Here are a couple of answers:
#include <stdint.h>
#include <stdio.h>
#include <math.h>
int IsInteger1(double n)
{
union
{
uint64_t i;
double d;
} u;
u.d = n;
int exponent = ((u.i >> 52) & 0x7FF) - 1023;
uint64_t mantissa = (u.i & 0x000FFFFFFFFFFFFFllu);
return n == 0.0 ||
exponent >= 52 ||
(exponent >= 0 && (mantissa << (12 + exponent)) == 0);
}
int IsInteger2(double n)
{
return n - (double)(int)n == 0.0;
}
int IsInteger3(double n)
{
return n - floor(n) == 0.0;
}
And a test harness:
#include <stdio.h>
#include <stdlib.h>
#include <sys/time.h>
int IsInteger1(double);
int IsInteger2(double);
int IsInteger3(double);
#define TIMEIT(expr, N) \
gettimeofday(&start, NULL); \
for(i = 0; i < N; i++) \
{ \
expr; \
} \
gettimeofday(&end, NULL); \
printf("%s: %f\n", #expr, (end.tv_sec - start.tv_sec) + 0.000001 * (end.tv_usec - start.tv_usec))
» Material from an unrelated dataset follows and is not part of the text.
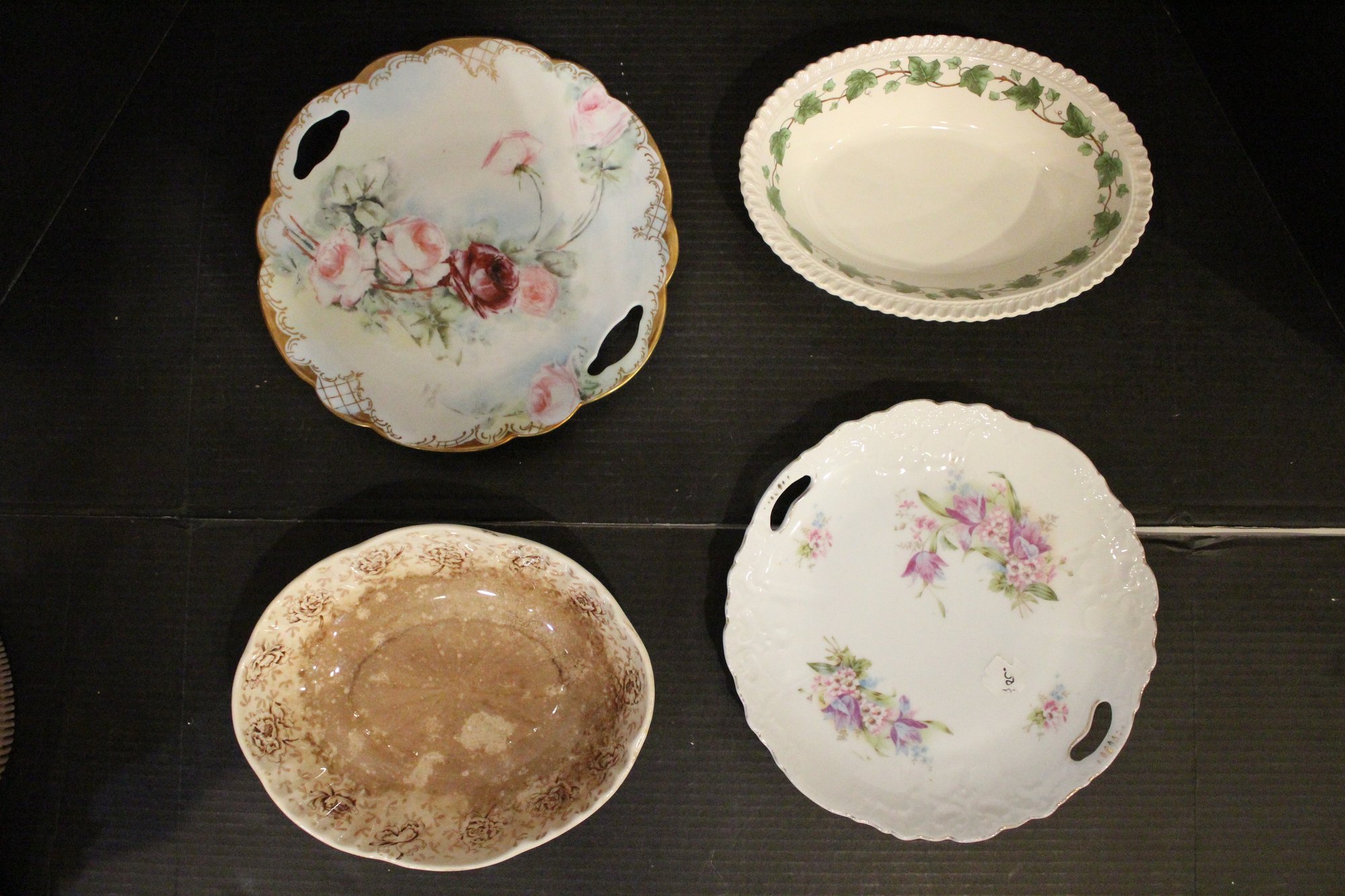 A vintage hand painted rose porcelain plate 10", vintage hand painted floral porcelain dessert plate, 10". A serving bowl, likely made of ironstone or semi-porcelain with rose brown transfer ware decoration, 9" x 7.5" x 2", with a vintage Harkerware Royal Gadroon Ivy serving bowl or rim soup bowl, 9.5" x 7" x 2". These items can be shipped.

int main(int argc, char **argv)
{
const int N = 100000000;
struct timeval start, end;
int i;
double d = strtod(argv[1], NULL);
printf("d=%lf %d %d %d\n", d, IsInteger(d), IsInteger2(d), IsInteger3(d));
TIMEIT((void)0, N);
TIMEIT(IsInteger1(d), N);
TIMEIT(IsInteger2(d), N);
TIMEIT(IsInteger3(d), N);
return 0;
}
Compile as:
gcc isinteger.c -O3 -c -o isinteger.o
gcc main.c isinteger.o -o isinteger
My results, on an Intel Core Duo:
$ ./isinteger 12345
d=12345.000000 1 1 1
(void)0: 0.357215
IsInteger1(d): 2.017716
IsInteger2(d): 1.158590
IsInteger3(d): 2.746216
Conclusion: the bit twiddling isn't as fast as I might have guessed. The extra branches are probably what kills it, even though it avoids floating-point operations. FPUs are fast enough these days that doing a double
-to-int
conversion or a floor
really isn't that slow.